Laura, who owns the spa that Maria patronized the day of her death, phones Mario, who was Maria's lover in the picture. He and Laura take photos of lovers to blackmail them, and she tells him to deliver the last batch of photos of Maria's indiscretions to a woman named Franca. When Mario goes to deliver the package, Tellini and Paolo (who is now working with Tellini) chase him. After a brief struggle with Mario, Paolo falls to his death, but Mario is then run down by a car in the street below. Shortly after being interviewed by Tellini, Franca is murdered. But the police rule that Mario was the killer of all three women. When a tape of Tellini and his wife making love is made public, Tellini again determines to leave the force. But when he is nearly killed in a staged automobile accident, he realizes he needs to solve at least this one last crime.

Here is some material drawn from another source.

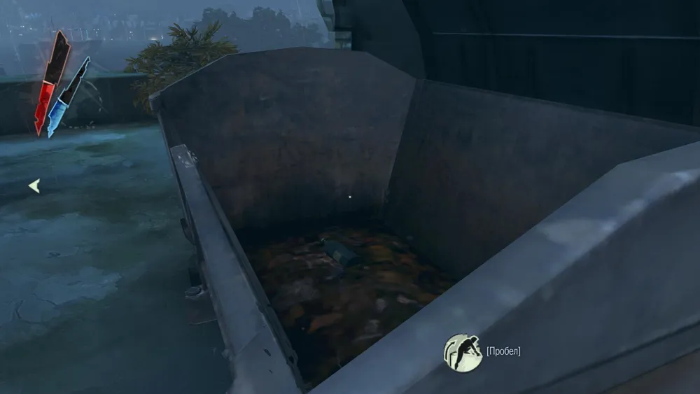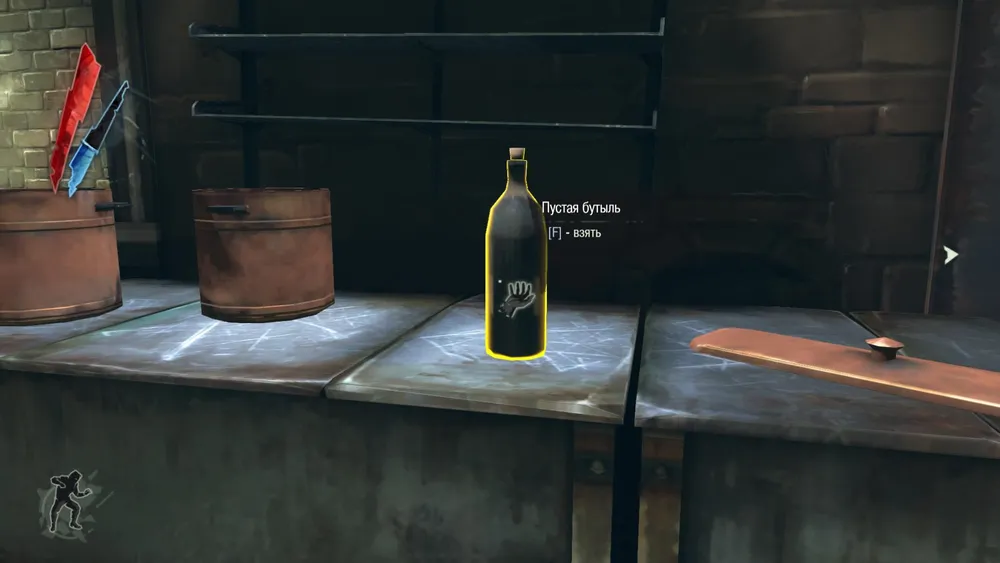 Корво решается на отчаянный шаг — проникнуть в здание и забрать бутылку. К сожалению, перевернутый треугольник указывал на пустую бутыль… Корво в замешательстве.

One of Laura's spa employees, Jenny, resigns in protest of the blackmail ring. Laura obliquely threatens her life, but their conversation is interrupted by the spa's blind masseur. Jenny spends the night at a friend's house but is followed by the killer who brutally murders her, and  then leaves her body in a trash bag to be found the following day. Tellini interviews some of Jenny’s coworkers, including the aloof Laura, a nurse who wears gloves identical to the killer's, and the blind masseur, who takes off his darkened glasses to reveal colorless, unseeing eyes.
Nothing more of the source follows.